Can you research and find Python library which can do "serious exploratory data analysis"?

We can use library: pandas-profiling · PyPI

ProfileReport(df, title="Pandas Profiling Report")

Conclusion

Congratulations! You have passed the first set of Pandas exercises. We've tasted the movie dataset.

Now you will have a better understanding of your data and how to do initial data analysis.

In this post, we learned about initial data analysis in Pandas. Most popular methods in Pandas for "viewing data".

We saw some advanced techniques and tricks very useful when data is touched for the first time.

Pandas exercises for beginners

Pandas exercises will be structured as a sample project plus exercises - a place where we can practice data science.

The goal is to test your knowledge and learn in 3 main areas:

  • data cleaning
  • data analysis
  • data collection

The areas above are often reported as problematic in data science.

Data preparation is blamed to consume up to 80% from Data science projects. Dirty data is one of the main factors for failed projects in data science and machine learning.

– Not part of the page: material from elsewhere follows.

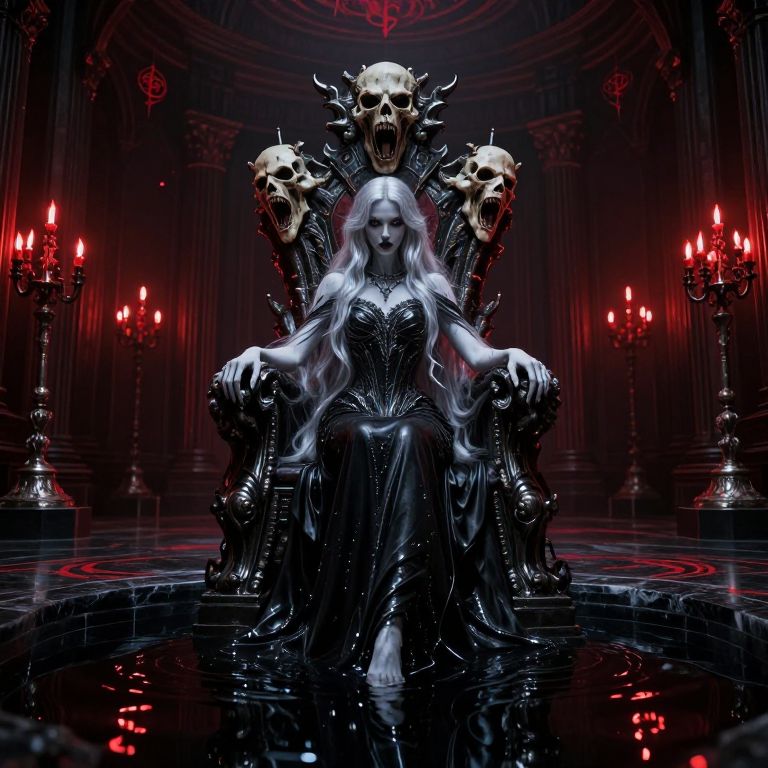 Her gown, a masterpiece of flowing white silk and shimmering gold embroidery, cascades around her, pooling at the foot of her throne, Her skin, flawless and radiant, seems almost unreal, as if carved from marble, Her face is the pinnacle of perfection: symmetrical, serene, and utterly divine, A cinematic analog photo of unparalleled detail, featuring the haunting visage of a Bone Knight, The extreme close-up focuses on the skeletal face, encased in a helmet crafted from bone and adorned with faintly glowing runes, The hollow sockets of their eyes burn with an intense, unearthly blue light, Their armor is intricately detailed, with dark metal inlaid with veins of glowing crimson, Mist swirls around their form, lit by pale moonlight piercing through dense, ancient trees, The forest is alive with ghostly whispers, and the faint hum of distant, spectral energy creates an eerie, cinematic atmosphere

Pandas Exercises - View and Explore Data - Part 1 (2024)
Top Articles
Latest Posts
Article information

Author: Francesca Jacobs Ret

Last Updated:

Views: 6146

Rating: 4.8 / 5 (68 voted)

Reviews: 83% of readers found this page helpful

Author information

Name: Francesca Jacobs Ret

Birthday: 1996-12-09

Address: Apt. 141 1406 Mitch Summit, New Teganshire, UT 82655-0699

Phone: +2296092334654

Job: Technology Architect

Hobby: Snowboarding, Scouting, Foreign language learning, Dowsing, Baton twirling, Sculpting, Cabaret

Introduction: My name is Francesca Jacobs Ret, I am a innocent, super, beautiful, charming, lucky, gentle, clever person who loves writing and wants to share my knowledge and understanding with you.